Jeanne teaches Macintosh software. Two of her favorite people are Hypatia and Albert Einstein. She enjoys doing things people say can't be done.

Instructional Objective The learner will be able to:

* Name three standard communication services: FTP, E-Mail, and Telnet

* State the function of each service


Learners/Context Appropriate for anyone who wants to learn to get around the Internet; fourth or fifth grade and up.

The board game would be used to teach players the correct way to navigate around a LAN.


Rationale The California Education and Research Federation Network (CERFnet) plans to "adopt a high school" and will use this game (among other materials) to teach or reinforce networking terms and concepts. The game will also be used outside the high school setting. CERFnet staff members have created comic characters, namely "Captain Internet," "CERF Boy," and "Count Crackula" that will be used in the game.

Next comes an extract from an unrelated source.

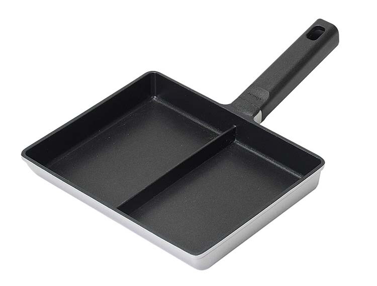 | サイズ:約全長290×幅200×65mm、鍋の深さ/約26mm、中央仕切り高さ/約14mm、1箇所の内寸/約95×155mm 重量:約556g 材質:表面加工/内面:ふっ素樹脂塗膜加工、外面:焼付け塗装 材料の種類:本体:アルミニウム合金、はり底:ステンレス鋼(クロム16%)、取っ手:フェノール樹脂(耐熱温度150度) |
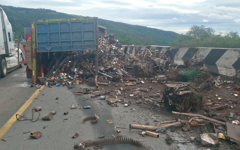 Entonces, al llegar a una curva, entre la Plaza de Cobro 027 y los túneles de La Esperanza, el operador no pudo controlarlo y volcó sobre costado derecho, quedando la chatarra regada sobre el asfalto.

Equipment The equipment consists of a board, a die, prize tokens (FTP, E-Mail, Telnet), distinctive playing pieces, and three sets of colored cards (FTP, E-Mail, Telnet). Each path and its set of cards are color coded. The cards will have either Captain Internet, CERF Boy, or Count Crackula on them. Captain Internet (CI) cards are "good" cards and contain rewards. CERF Boy (CB) cards are "fair" cards and may involve a reward or a penalty. Count Crackula (CC) cards are "bad" cards and contain penalties.

Preparation Place the board on a table and put the FTP, E-Mail, and Telnet cards face-down on their allotted spaces on the board. Each player chooses a token to represent her as she travels around the board and places it on the START square of one of the paths on the board.

Object To successfully navigate three paths: File transfer (FTP), Remote Login (Telnet), and Electronic Mail(E-Mail). The player who gets all three prize tokens first wins the game.

Number of Players From two to six.

Rules 1. Each player rolls the die. The player with the highest number starts the game.

2. The first player rolls the die and moves the number of spaces shown on the die. Two or more players may rest on the same space at the same time.

3. If a player lands on a square with the FTP, E-Mail or Telnet symbol, she chooses a card from the appropriate stack and follows the instructions on the card, placing the card on the bottom of the stack. There will be certain cards that a player may keep until needed, such as a "free turn."

4. When a player nears the end of a path, she must roll the exact number to enter the finish square.

5. When a player reaches the end of her path, she takes a prize token and moves her playing piece to the START of another path.

Sample FTP Cards (CI) Congratulations! You found Archie. Archie provides a list of FTP sites for you based on a topic specified by you. Roll the die again and take a free turn.

(CI) Congratulations, you found Internet Accessible Library Catalogs and Databases. This document helps you locate FTP sites attached to the Internet. Save this card for a free turn, now or later.

(CB) Shoot! You typed the wrong name and received an "Unknown host" message. Move back two spaces (and retype name).

(CC) Drat! Your Internet connection is down and you received a "No route to host" message. Contact your network manager and lose one turn while you are waiting for them to fix your connections.

(CB) Oops! Your terminal is not plugged into the network and you get a "Trying... connection timed out" message. Plug yourself into the network and move back two spaces.


Design Process Design issues to be addressed are:

* How many squares?

* How many prize tokens at the end?

* How many cards?

* How many squares containing symbols?

* Student Handbook?

* Glossary/Reference?

* Instructor Feedback?

* Time required to play?

Although the game meets elegance criteria such as: movement through space/time; shortcuts; obstacles; patterns of elements; elements with differing levels of power or value; and prizes, I intend to increase the elegance quotient.